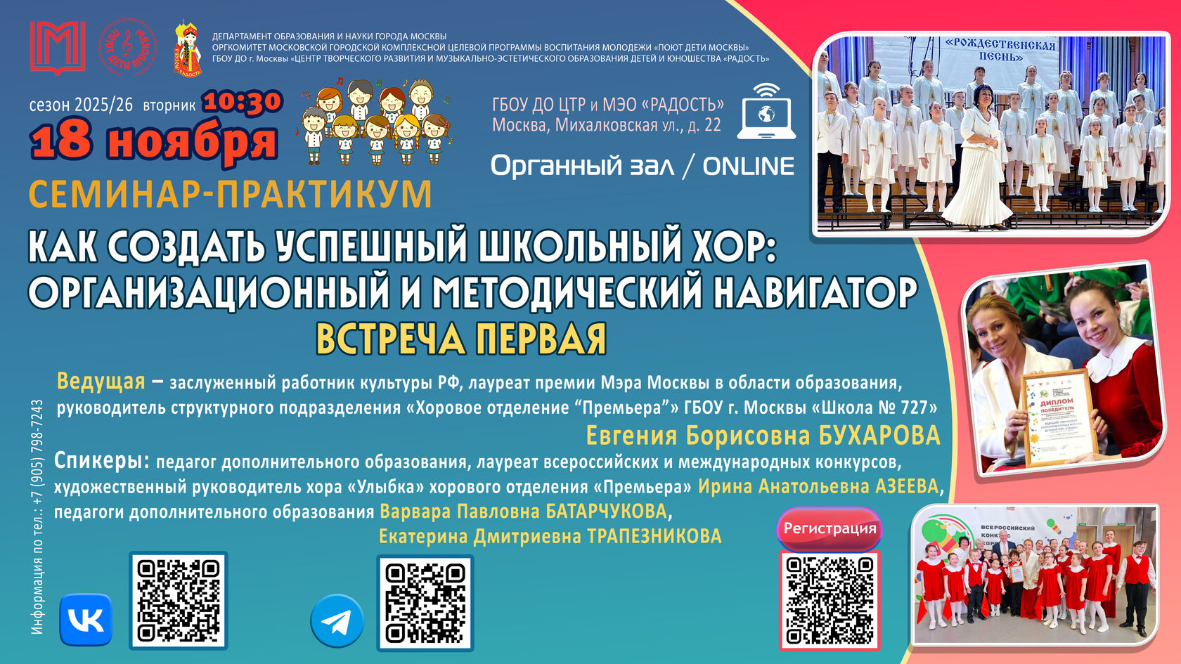 🗣 Ведущая семинара-практикума – заслуженный работник культуры РФ, лауреат премии Мэра Москвы в области образования, руководитель структурного подразделения «Хоровое отделение “Премьера”» ГБОУ г. Москвы «Школа № 727» Евгения Борисовна БУХАРОВА
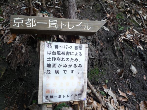 - 山科駅~毘沙門堂跡~森林管理ゲート(25分)⇒京都トレイル41と合流(25分)⇒大文字山四つ辻(30分)⇒大文字山山頂(5分)⇒五山送り火大文字(15分)⇒鹿ケ谷コースへ「楼門の滝」(30分)⇒蹴上駅(40分)
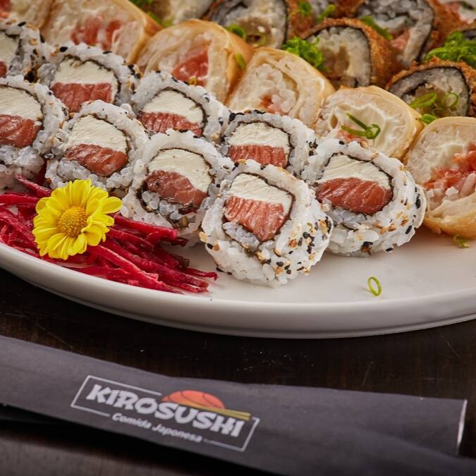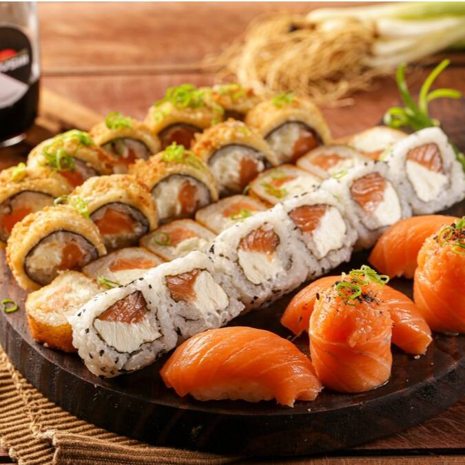 Preparado com um recheio generoso de Salmão, Cream Cheese, Arroz Japonês, envolvido com Nori e finalizado com Cebolinha.

**What the task requires:** Restate verbatim the lines that begin at the one holding "- 山科駅~毘沙門堂跡~森林" and end at the last line of the material. Exclude pictures.

**Written response:**
 - 山科駅~毘沙門堂跡~森林管理ゲート(25分)⇒京都トレイル41と合流(25分)⇒大文字山四つ辻(30分)⇒大文字山山頂(5分)⇒五山送り火大文字(15分)⇒鹿ケ谷コースへ「楼門の滝」(30分)⇒蹴上駅(40分)
 Preparado com um recheio generoso de Salmão, Cream Cheese, Arroz Japonês, envolvido com Nori e finalizado com Cebolinha.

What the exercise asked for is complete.